Partition and Conflict: The Period of Division

This is a short chapter, just 18 pages, and probably I should've read it right after the last one & done a post about the two together. But then again, it covers another 400 years from about 200AD through to about 600AD. And about half a thousand different names and kingdoms (some exaggeration for effect here ;) ). So it was a bit confusing.

Orientation dates: Diocletian became Emperor of Rome in 284AD. Constantine became Emperor in 306AD, and called the Council of Nicea in 325AD. The Visigoths sacked Rome in 410AD. The Anglo-Saxons migrate into (or invade) Britain over the period between 400AD and 600AD. The Merovingians ruled Francia from 481AD through to 687AD. Muhammed was born around 570AD and Islam was founded in 610AD.

So this 400 year period is actually the equivalent of one of the Ancient Egyptian Intermediate Periods - the country is divided, and ruled over by different kings or emperors in different bits.
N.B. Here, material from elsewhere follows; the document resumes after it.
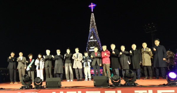 충청남도기독교총연합회(충남기총, 총회장 박귀환 목사)는 지난 21일 오후 충남도청 앞 광장에서 성탄트리 점등식을 개최하고, 인류를 구원하기 위해 이 땅에 오신 아기 예수 탄생의 기쁨을 축하했다. 특히 충남도청 시민들과 함께 성탄의 의미를 되새기며 이웃을 돌아보는 아름다운 축제 한마당을 벌였다.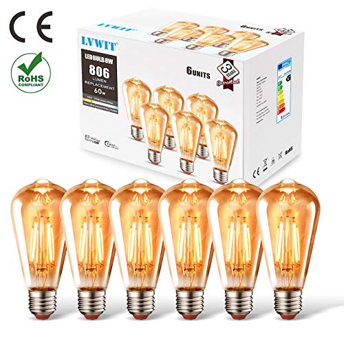 Lampadine di Filamento a LED, LVWIT ST64 E27 8W 2700K-6 Pezzi (Marrone)

But there is still a high degree of cultural continuity within the area as a whole and across the time period. I admit I was a bit surprised by the length of this period between unified Chinas - I'd somehow assumed that once it was unified back in 221BC the core pretty much stayed that way except for brief periods thereafter.

I found the writing for this section quite confusing, and even as I'm flicking back over it to write this post I'm sometimes struggling to figure out quite who did what when & what the country afterwards (or before) was called.

The Three Kingdoms

The beginning of the end for the Han was in 189AD when a civil war broke out that would eventually lead to the division of the Empire into three parts (the "Three Kingdoms"). A general called Dong Zhuo entered the capital city, Luoyang, and took charge of the two sons of the recently deceased Emperor. Instead of supporting the new Emperor (the elder son) he replaced him with the younger son who "ruled" for 30 years under the thumb of Dong Zhou and later Cao Cao & his offspring. This line eventually took the title Emperor around 220AD. The kingdom they ruled over was in the north of China and called Wei.
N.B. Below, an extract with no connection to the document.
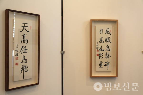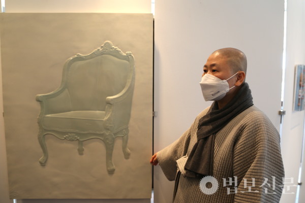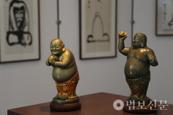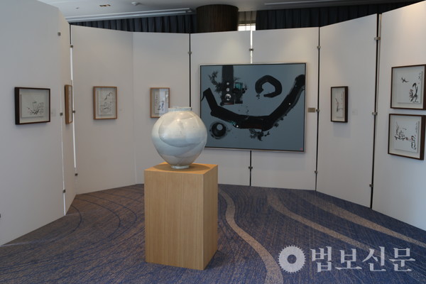 전시에서 주목할 작품은 중요무형문화재 단청장이자 불화장인 석정 스님의 초기 달마도다. 주석 스님의 은사 스님이 남기신 유품이며 이번 전시의 각별한 소장품으로 손꼽힌다. 조계종 차기 종정 성파 대종사의 글씨도 눈길을 끈다. 일장 스님의 ‘태평가’ 등 선화도 만날 수 있다. 전통 불화기법을 차용하여 이 시대의 불화를 조성하는 박경귀 작가의 ‘자비’, 도자회화라는 새로운 장르를 구축한 이승희 작가의 프레임 속 도자기 체어, 변훈 작가의 달항아리, 서칠교 작가의 포대화상 등 현대미술계에서 주목받는 불교 및 불교관련 작품도 반갑다.

In the south of China there ended up two kingdoms - which I think derive from the "loyal rebels" who originally supported the new Emperor of the Han Dynasty back in 189AD. But I'm not quite sure. In the south east was the kingdom of Wu, ruled over by Shu Quan & descendants (who didn't claim to be Emperors until 229AD). And in the south west (including modern Sichuan) was the kingdom of Shu Han ruled over by Liu Bei and descendants (Emperors shortly after 220AD) - these guys claimed descent from the Former Han so I think were trying to set themselves up as more legitimate than the others.

This period of Chinese history is apparently often represented in art and storytelling - particularly famous is "Romance of the Three Kingdoms" which is a novel by Luo Guanzhong, written around the 14th Century. The book also makes the point that the period in question was culturally rich and splendid, including a poet (Cao Zhi, son of Cao Cao) who is still recognised as one of China's greatest poets.

The Two Jin Dynasties

Next there was a brief period of unity before it all dissolved into chaos again. Sima Yi murdered Cao Shuang in 249AD and took over the kingdom of Wei. His grandson succeeded in conquering Shu Han in 266AD and set himself up as the Emperor of a new Dynasty - the Jin. He conquered the Wu in 280AD and all looked set for a newly unified China to continue in serenity.
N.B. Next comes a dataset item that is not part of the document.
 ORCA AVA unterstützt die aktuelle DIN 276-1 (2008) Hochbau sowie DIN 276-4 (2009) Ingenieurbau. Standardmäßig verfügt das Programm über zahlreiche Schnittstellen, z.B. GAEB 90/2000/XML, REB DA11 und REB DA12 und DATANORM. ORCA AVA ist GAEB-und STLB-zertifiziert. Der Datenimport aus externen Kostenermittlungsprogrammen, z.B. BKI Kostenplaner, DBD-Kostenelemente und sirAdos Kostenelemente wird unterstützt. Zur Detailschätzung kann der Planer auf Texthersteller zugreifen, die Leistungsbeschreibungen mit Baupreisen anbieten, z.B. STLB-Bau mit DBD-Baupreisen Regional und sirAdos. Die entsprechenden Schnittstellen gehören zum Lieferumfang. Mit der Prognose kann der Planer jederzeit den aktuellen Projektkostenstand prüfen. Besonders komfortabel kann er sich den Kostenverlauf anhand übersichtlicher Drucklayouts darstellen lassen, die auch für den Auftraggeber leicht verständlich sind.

Unfortunately his son & heir was mentally incompetant (that's exactly what the book said - no details as to what they meant though) and when he came to the throne in 290AD the whole thing started to collapse. Infighting between consort families eventually lead to the War of the Eight Princes and the Jin Dynasty lost control of the north of China in 316AD. That's the end of the Western Jin.

The Eastern Jin keep control of the south of China for another hundred years. It didn't sound like it was a particularly peaceful or settled period - lots of refugees from the north causing friction with local warlords. And eventually the Jin ruler actually hands over power to the start of the Liu Song Dynasty out of a feeling that the Mandate of Heaven has passed from the Jin.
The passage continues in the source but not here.